From top to bottom, write out the listing exactly and skip every picture.

## DATA PROVIDED
┌────────
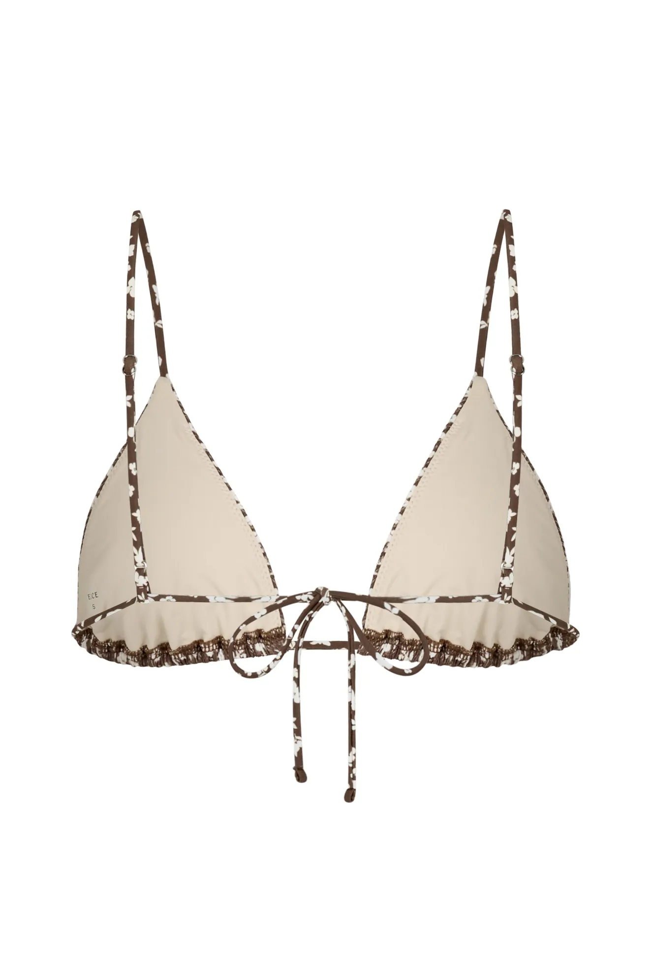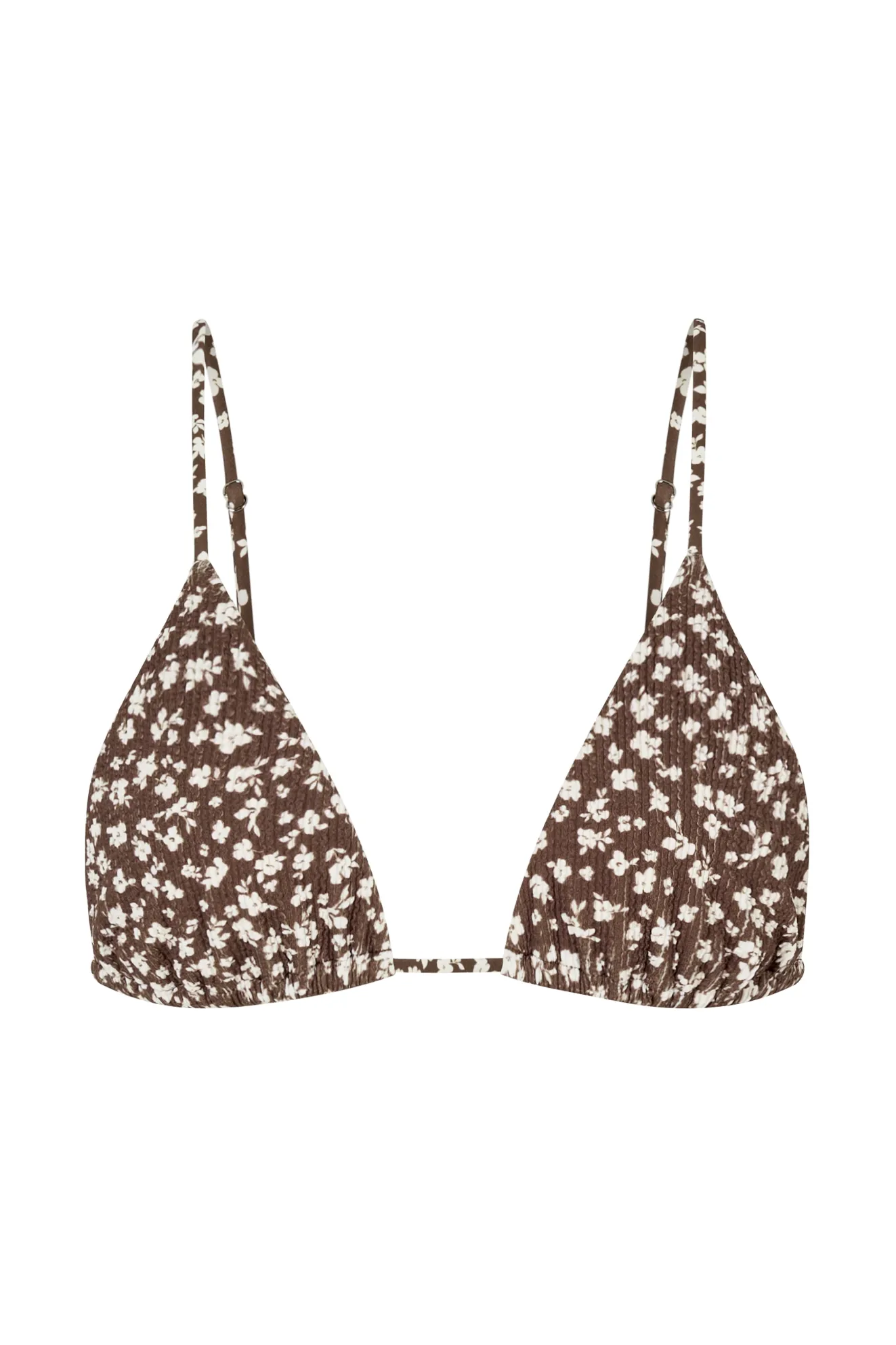 The Kaia Top is a classic, minimalist triangle style, designed with adjustable straps and a tie-back closure, allowing you to adjust the fit to your liking. The drawstring cups make for the perfect tanning essential with minimal coverage in our Signature Elce Textured fabric in exclusive print. Lined for comfort, this top is an essential for those who prefer a sleek, barely-there look. Size up if you prefer more coverage.
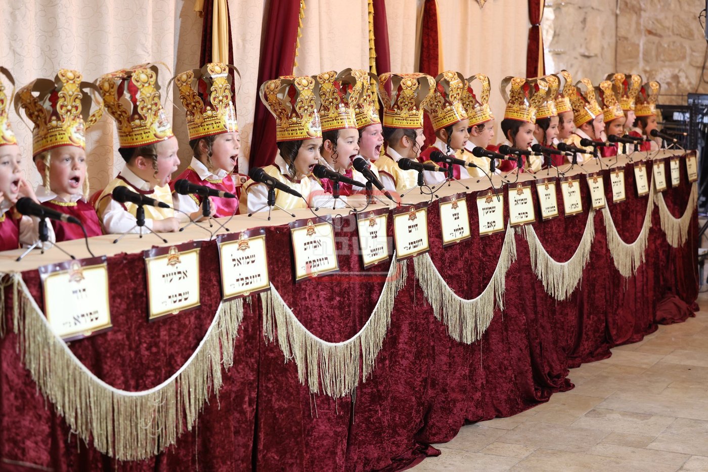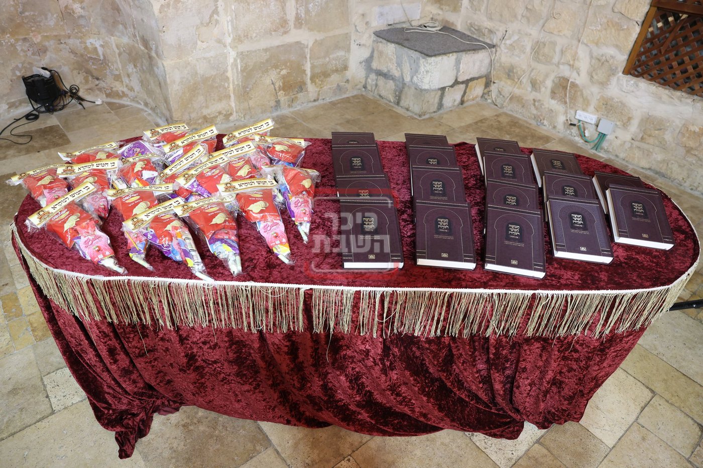 ילדי תלמוד תורה 'משנת שמעון' בצפת, חגגו מסיבת חומש בבית הכנסת בעיר העתיקה | ההורים והסבים הנרגשים הסבו סביב שולחנות ערוכים כל טוב והאזינו בהנאה במתיקות הבל פיהם של תינוקות של בית רבן שאמרו פסוקי התורה בהתמדה טהורה (חרדים)
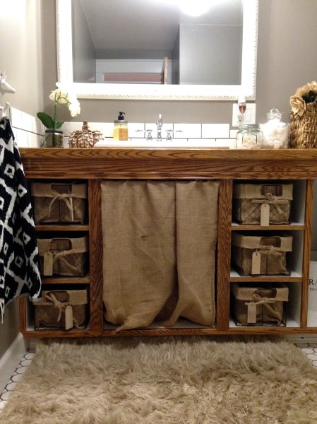 The bathroom counter is left over oak floor boards, and he built these cubbies for baskets just for me 🙂 More on this bathroom a few posts back on the blog.
└────────
## SOLVED PROBLEM
 The Kaia Top is a classic, minimalist triangle style, designed with adjustable straps and a tie-back closure, allowing you to adjust the fit to your liking. The drawstring cups make for the perfect tanning essential with minimal coverage in our Signature Elce Textured fabric in exclusive print. Lined for comfort, this top is an essential for those who prefer a sleek, barely-there look. Size up if you prefer more coverage.
 ילדי תלמוד תורה 'משנת שמעון' בצפת, חגגו מסיבת חומש בבית הכנסת בעיר העתיקה | ההורים והסבים הנרגשים הסבו סביב שולחנות ערוכים כל טוב והאזינו בהנאה במתיקות הבל פיהם של תינוקות של בית רבן שאמרו פסוקי התורה בהתמדה טהורה (חרדים)
 The bathroom counter is left over oak floor boards, and he built these cubbies for baskets just for me 🙂 More on this bathroom a few posts back on the blog.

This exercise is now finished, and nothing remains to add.